**The task:**
Go to the line that contains "在注册页面输入想要注册的域名". Restate that line and each one after it exactly, through the end of the records, without pictures.

--- START ---

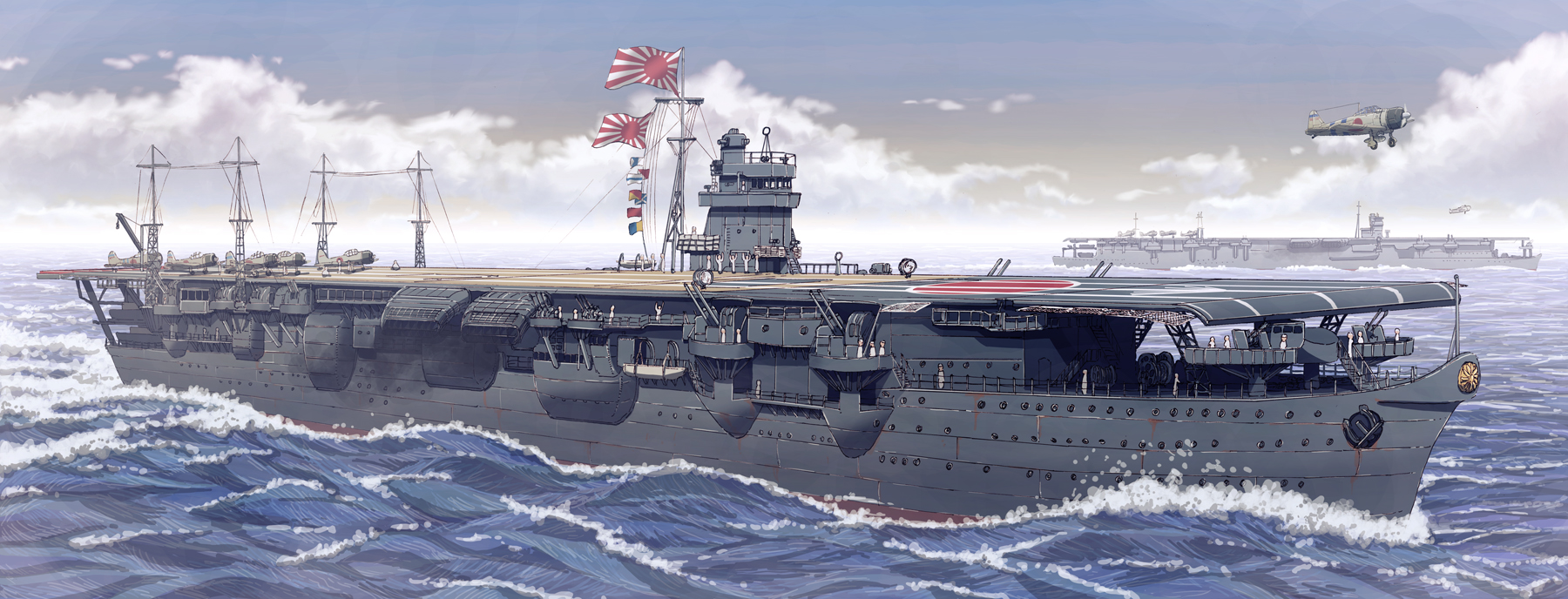 6+boys a6m_zero aircraft aircraft_carrier airplane anti-aircraft anti-aircraft_gun blue_sky bomb cannon cloud day earasensha explosive flag gun highres hiryuu_(aircraft_carrier) imperial_japanese_navy machine_gun male_focus military military_vehicle multiple_boys ocean original propeller_fighter real_life ship ship_turret sky souryuu_(aircraft_carrier) takeoff warship water watercraft weapon
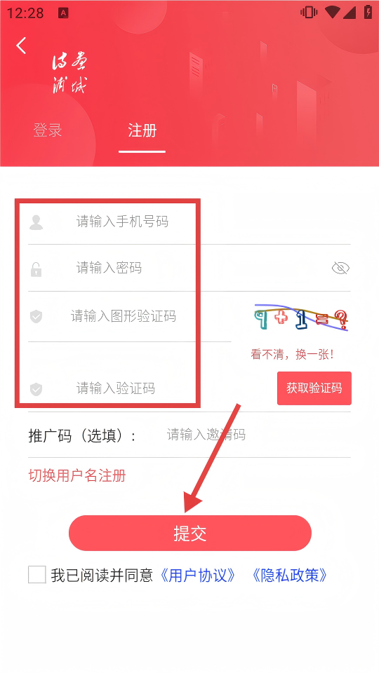 4、在注冊信息填寫頁依次輸入手機(jī)號碼、密碼、圖形驗(yàn)證碼、驗(yàn)證碼,勾選同意《用戶協(xié)議》《隱私政策》后點(diǎn)擊【提交】,完成賬號注冊。
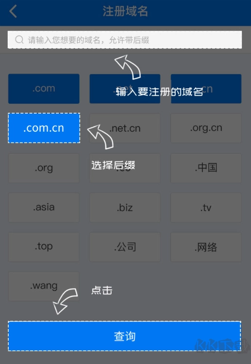 在注册页面输入想要注册的域名,挑选合适的后缀(比如.com、.cn这类),选好之后点击“查询”按钮,就能查看这个域名是否可以注册使用。
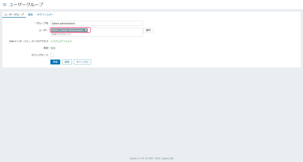 「管理」⇒「ユーザーグループ」からZabbix administratorsを押下ない場合は作成しましょう。以下のようにユーザーにAdminが選択されていればOKです。
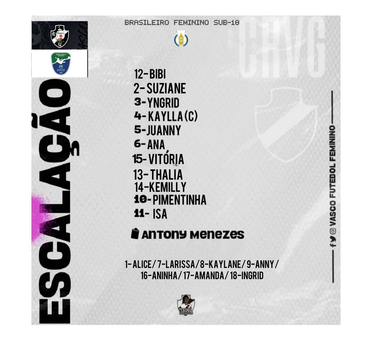 Feminino Base: Veja a escalação do Vasco para o jogo contra o Minas Brasília

--- END ---

**Task answer:**
 在注册页面输入想要注册的域名,挑选合适的后缀(比如.com、.cn这类),选好之后点击“查询”按钮,就能查看这个域名是否可以注册使用。
 「管理」⇒「ユーザーグループ」からZabbix administratorsを押下ない場合は作成しましょう。以下のようにユーザーにAdminが選択されていればOKです。
 Feminino Base: Veja a escalação do Vasco para o jogo contra o Minas Brasília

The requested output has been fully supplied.